> [Prompt] Print all of the data exactly, but drop the pictures.

> [Given material]
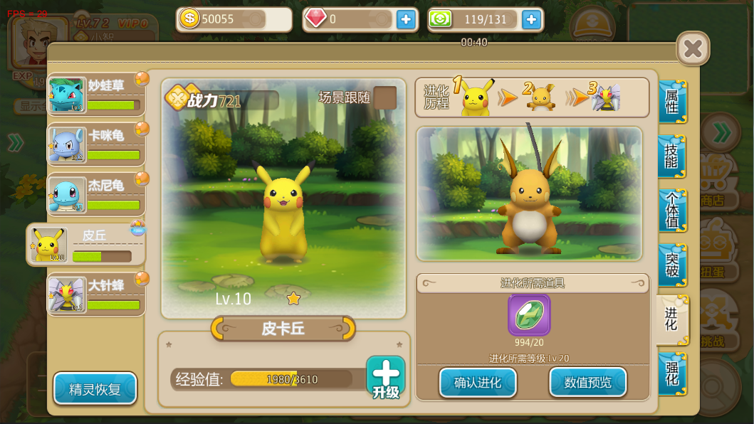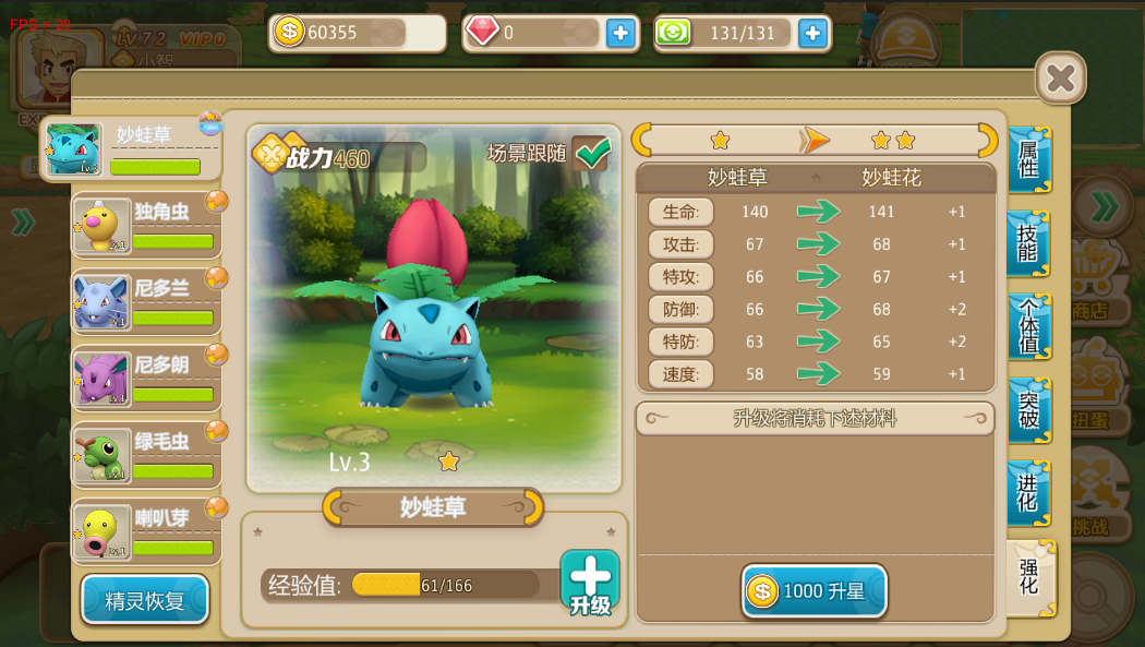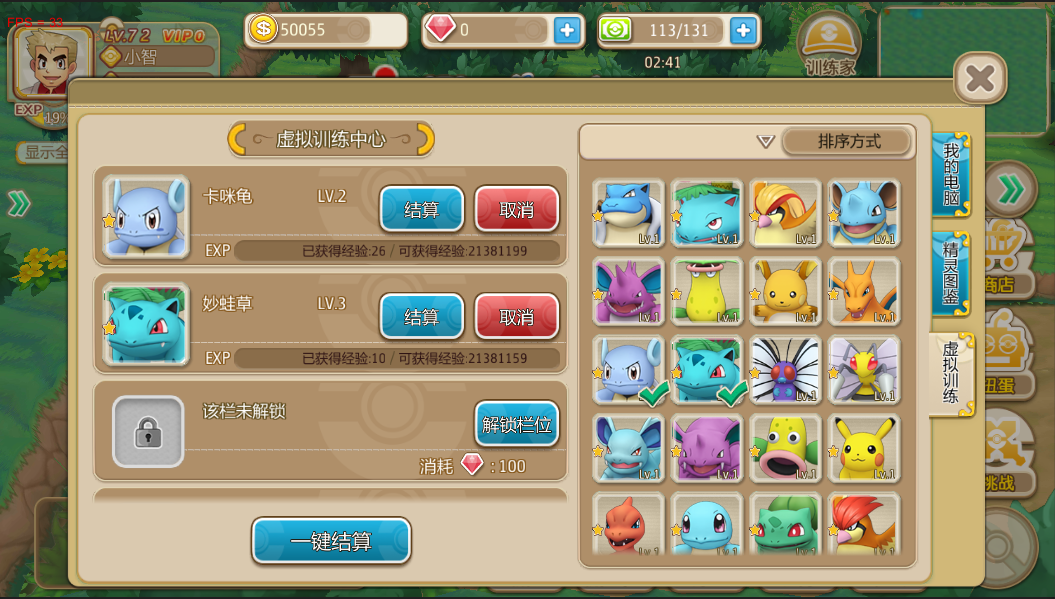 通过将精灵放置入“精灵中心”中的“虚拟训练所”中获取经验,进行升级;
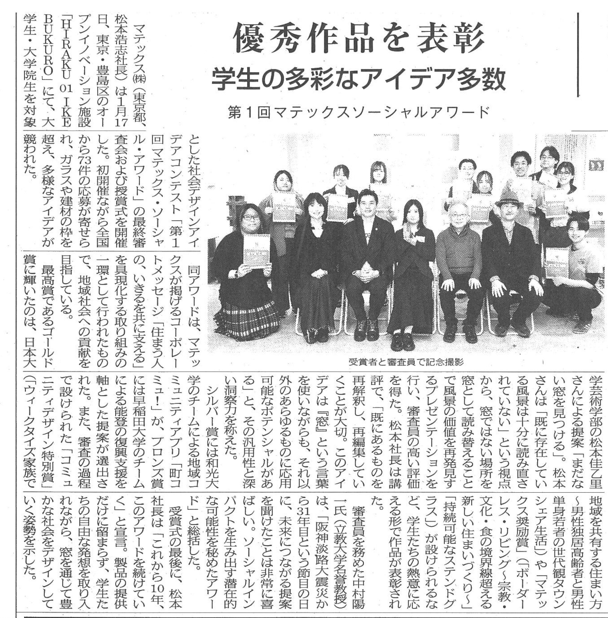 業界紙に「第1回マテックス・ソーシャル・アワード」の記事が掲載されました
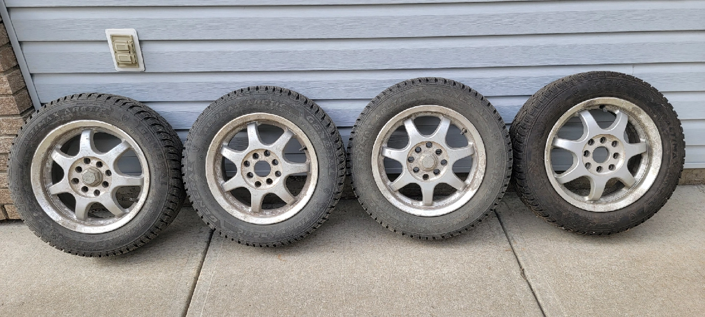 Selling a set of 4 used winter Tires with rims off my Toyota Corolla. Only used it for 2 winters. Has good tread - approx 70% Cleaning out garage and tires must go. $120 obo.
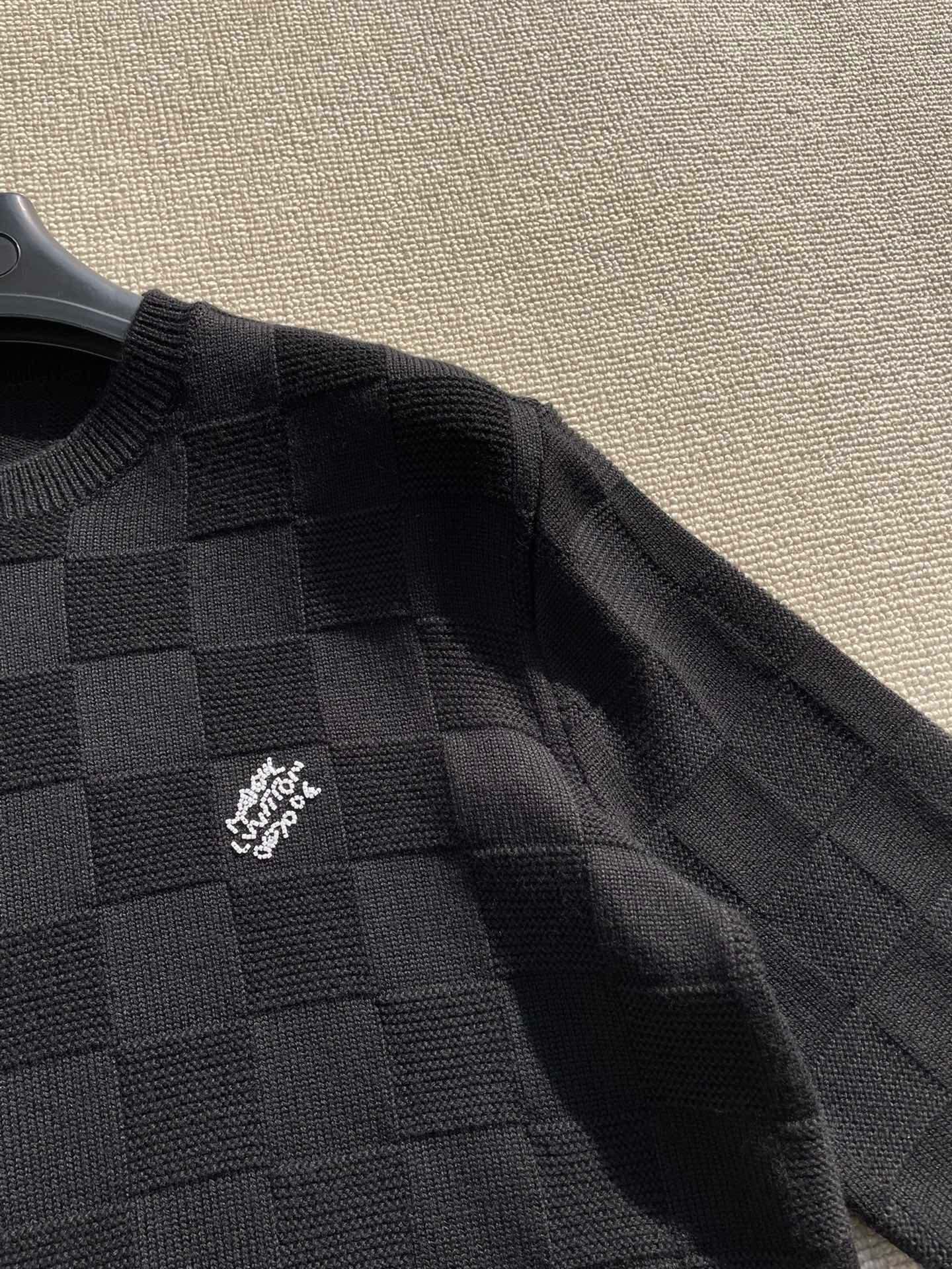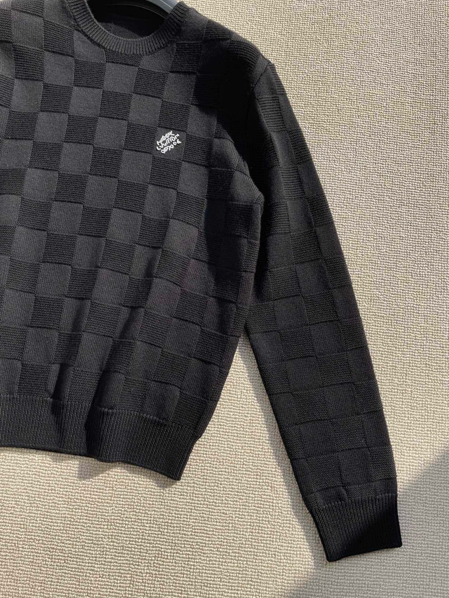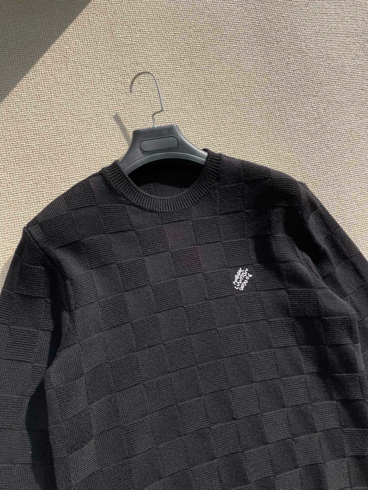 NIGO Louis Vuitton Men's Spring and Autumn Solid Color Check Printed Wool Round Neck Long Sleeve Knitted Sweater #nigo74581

> [Output for this task]
 通过将精灵放置入“精灵中心”中的“虚拟训练所”中获取经验,进行升级;
 業界紙に「第1回マテックス・ソーシャル・アワード」の記事が掲載されました
 Selling a set of 4 used winter Tires with rims off my Toyota Corolla. Only used it for 2 winters. Has good tread - approx 70% Cleaning out garage and tires must go. $120 obo.
 NIGO Louis Vuitton Men's Spring and Autumn Solid Color Check Printed Wool Round Neck Long Sleeve Knitted Sweater #nigo74581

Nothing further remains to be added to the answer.